Case 3: Key Column Optimization

One-sentence definition: Doris sorts data by Key columns at the storage layer. Defining frequently queried columns as Key columns can significantly accelerate equality and range queries.

Business Query Examples

select * from t1 where t1.c1 = 1;
select * from t1 where t1.c1 > 1 and t1.c1 < 10;
select * from t1 where t1.c1 in (1, 2, 3);

Optimization: Define c1 as a Key Column

CREATE TABLE `t1` (
`c1` INT NULL,
`c2` INT NULL
) ENGINE=OLAP
DUPLICATE KEY(`c1`)
DISTRIBUTED BY HASH(`c2`) BUCKETS 10
PROPERTIES (
"replication_allocation" = "tag.location.default: 1"
);
Tuning recommendation

Define columns frequently used in business equality or range queries as Key columns to accelerate query processing.

Case 4: Field Type Optimization

One-sentence definition: Field types directly affect computation complexity. Fixed-length and low-precision types are more efficient to process than variable-length and high-precision types.

Type Selection Principles

PrincipleRecommendedAvoid
Fixed-length firstINT, BIGINT, DATE, DATETIMEVARCHAR, STRING
Low-precision firstINT, BIGINT, FLOATDECIMAL (in high-precision scenarios)

Common Replacement Scenarios

  • Use BIGINT to replace VARCHAR / STRING fields used to store numeric values
  • Use FLOAT / INT / BIGINT to replace unnecessary DECIMAL fields
  • Use DATETIME to replace string-form time fields
Tuning recommendation

When defining schema types, follow the principle of "fixed-length first, low-precision first" to improve computation efficiency and system performance.

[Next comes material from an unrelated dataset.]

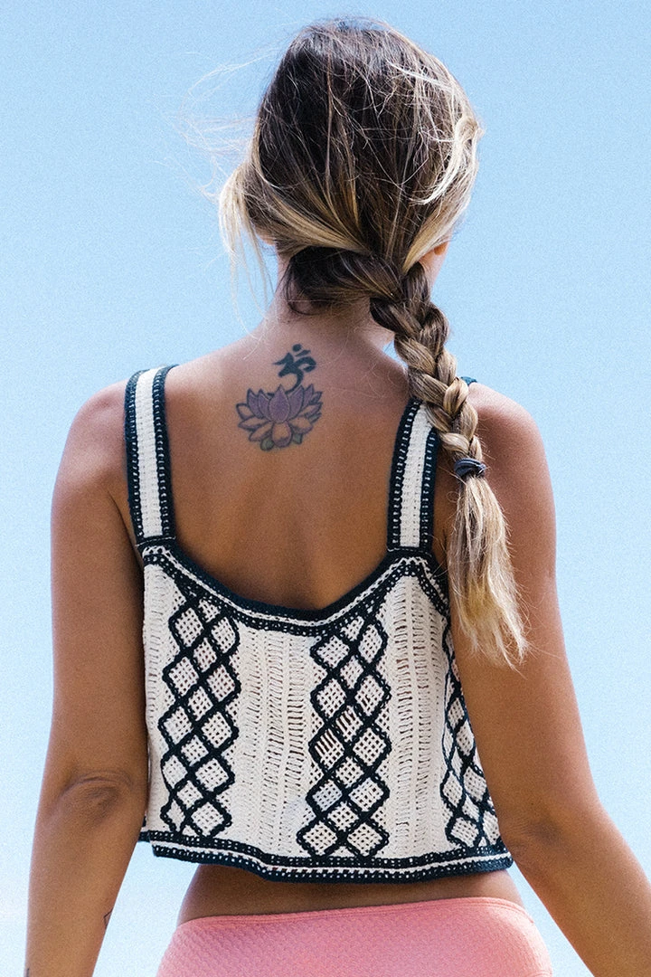 This Rosalee Crochet Loose Waisted Top has many patterns, including interwoven lines and flower patterns. It is very lively and lovely as a whole.

Frequently Asked Questions

Q1: What if I find the bucketing column is unreasonable after creating the table?

The bucketing column cannot be modified directly after the table is created. You need to create a new table and re-import the data, or use ALTER TABLE to create a new Rollup or partitioning scheme. It is recommended to thoroughly evaluate field cardinality before creating the table.

Q2: Are more Key columns always better?

No. Too many Key columns increase storage sorting overhead and write costs. Only set columns that are truly frequently used for equality or range filtering as Key columns.

Q3: When must I use the Unique or Aggregate model?

  • Need to deduplicate or update data by primary key, use Unique
  • Need pre-aggregation (SUM, MAX, MIN, etc.), use Aggregate
  • Append-only detail data with extreme query performance requirements, use Duplicate

Q4: How do I determine whether the current table has data skew?

Run the following SQL to check the bucketing column distribution:

select <bucket_col>, count(*) cnt from <table> group by <bucket_col> order by cnt desc limit 10;

If the count of the top values far exceeds the others, skew exists.

Summary

A carefully designed schema maximizes the use of Doris features and significantly improves query performance. A poor schema may cause global issues such as data skew.

Key tuning points:

  • Prefer the Duplicate table model (in scenarios with no update requirements)
  • Choose bucketing columns with high cardinality, avoiding null or fixed values
  • Define frequently queried columns as Key columns
  • Follow the principle of "fixed-length first, low-precision first" for field types

Up-front design is always cheaper than after-the-fact tuning. It is recommended to strictly follow the above principles during the schema design phase.